The pseudocode used to implement this algorithm is included in this [Wikipedia article](https://en.wikipedia.org/wiki/Sieve_of_Eratosthenes), reproduced here for convenience:



```

algorithm Sieve of Eratosthenes is

    input: an integer n > 1.

    output: all prime numbers from 2 through n.



    let A be an array of Boolean values, indexed by integers 2 to n,

    initially all set to true.



    for i = 2, 3, 4, ..., not exceeding √n do

        if A[i] is true

            for j = i2, i2+i, i2+2i, i2+3i, ..., not exceeding n do

                A[j] := false



    return all i such that A[i] is true.

```



### History of the Sieve of Eratosthenes



Much is known of [Eratosthenes](https://en.wikipedia.org/wiki/Eratosthenes), a polymath whose principal occupation was chief librarian at the [Library of Alexandria](https://en.wikipedia.org/wiki/Library_of_Alexandria), but little is known of the circumstances surrounding the derivation of his method for determining prime numbers.

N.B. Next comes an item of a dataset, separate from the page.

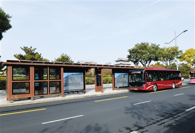更宽敞更高颜值,多块电子站牌可查看线路信息,还能提供手机充电等便民服务……记者昨日从市公交公司了解到,位于御河西路和阳南门站和云冈石窟景区外的两座高端智能化公交候车亭已正式启用。 图为和阳南门站新投用的智能化公交候车亭。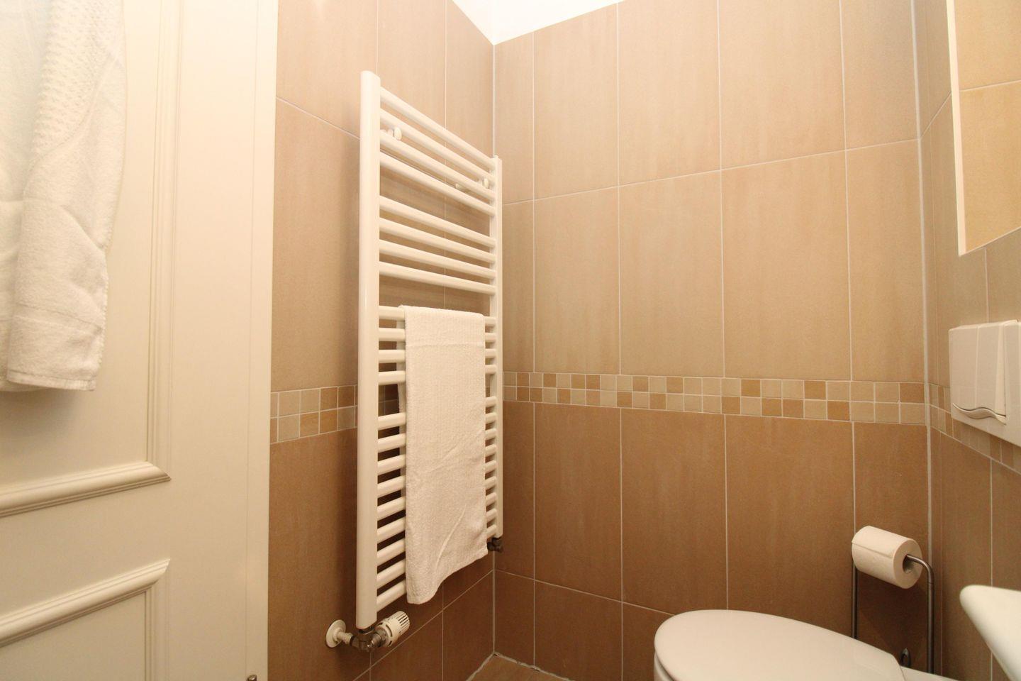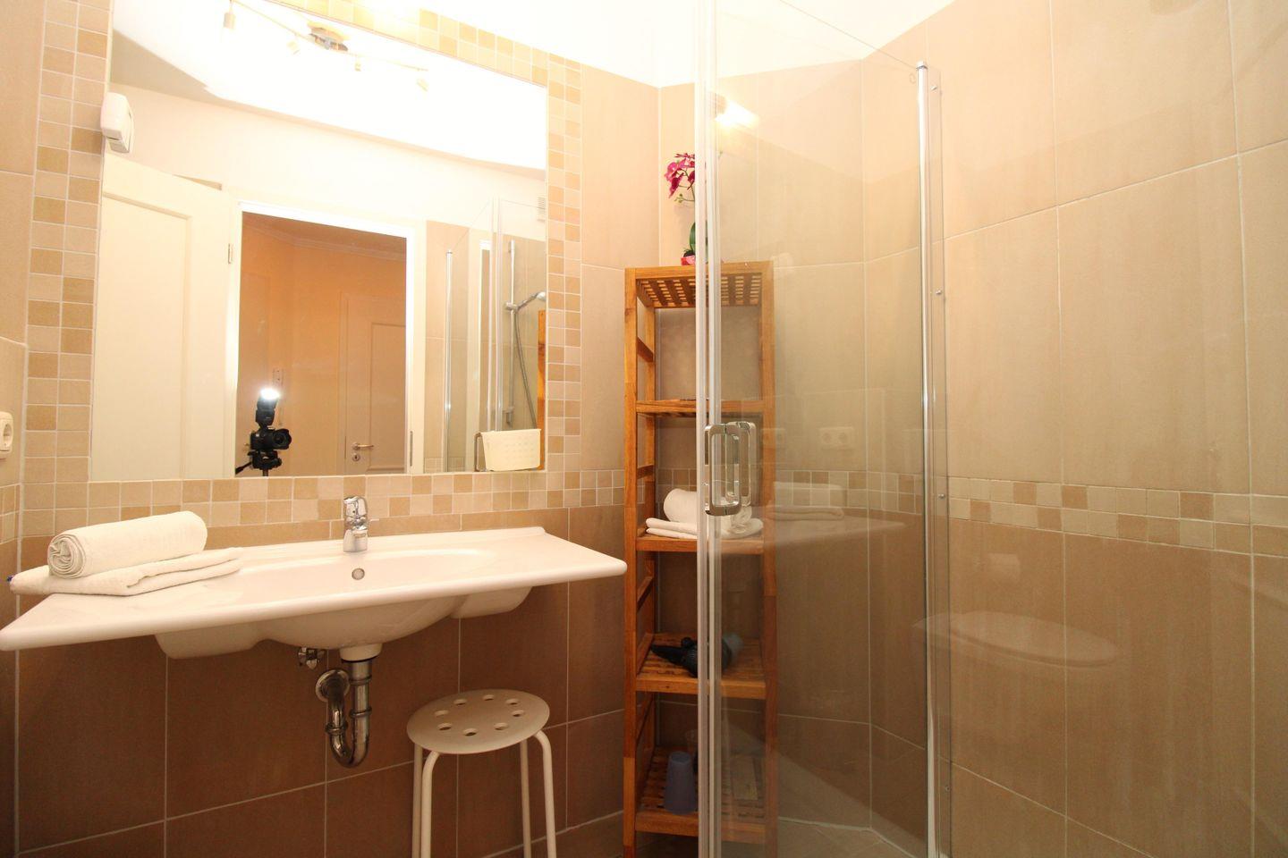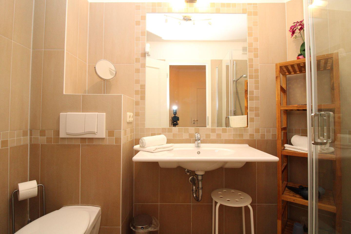 Das Badezimmer verfügt über eine Dusche mit Echtglas-Abtrennung und flachem Einstieg (seniorenfreundlich!), Waschbecken, Kosmetikspiegel, Föhn, Handtuch-Heizkörper, WC sowie ein Regal und ausreichend Ablagemöglichkeiten.

From [Wikipedia's](https://en.wikipedia.org/wiki/Sieve_of_Eratosthenes) main entry on the topic:



> The earliest known reference to the sieve (Ancient Greek: κόσκινον Ἐρατοσθένους, *kóskinon Eratosthénous*) is in [Nicomachus of Gerasa](https://en.wikipedia.org/wiki/Nicomachus)'s *[Introduction to Arithmetic](https://en.wikipedia.org/wiki/Introduction_to_Arithmetic)*, an early 2nd cent. CE book, which describes it and attributes it to [Eratosthenes of Cyrene](https://en.wikipedia.org/wiki/Eratosthenes), a 3rd cent. BCE Greek mathematician.



------



## Notes



This section contains some notes about this installation.



### Maven errors



On Ubuntu systems, Maven commands issued by the project's top-level `Makefile` cause the error message `WARNING: An illegal reflective access operation has occurred` and others to be written to the console. The messages do not appear to affect behavior in any way and have been suppressed in Primes release 1.1.0.



### Java version



The project's Maven configuration file, `pom.xml`, specifies Java 11 as the version to use when building and running Java apps:



```

  

    UTF-8

    11

    11

  

```



At the time of writing Java 11 is the default Java version on Linux distros that include it. You may of course change this to any version of Java you wish, but do remember to reflect your version of choice in `pom.xml`.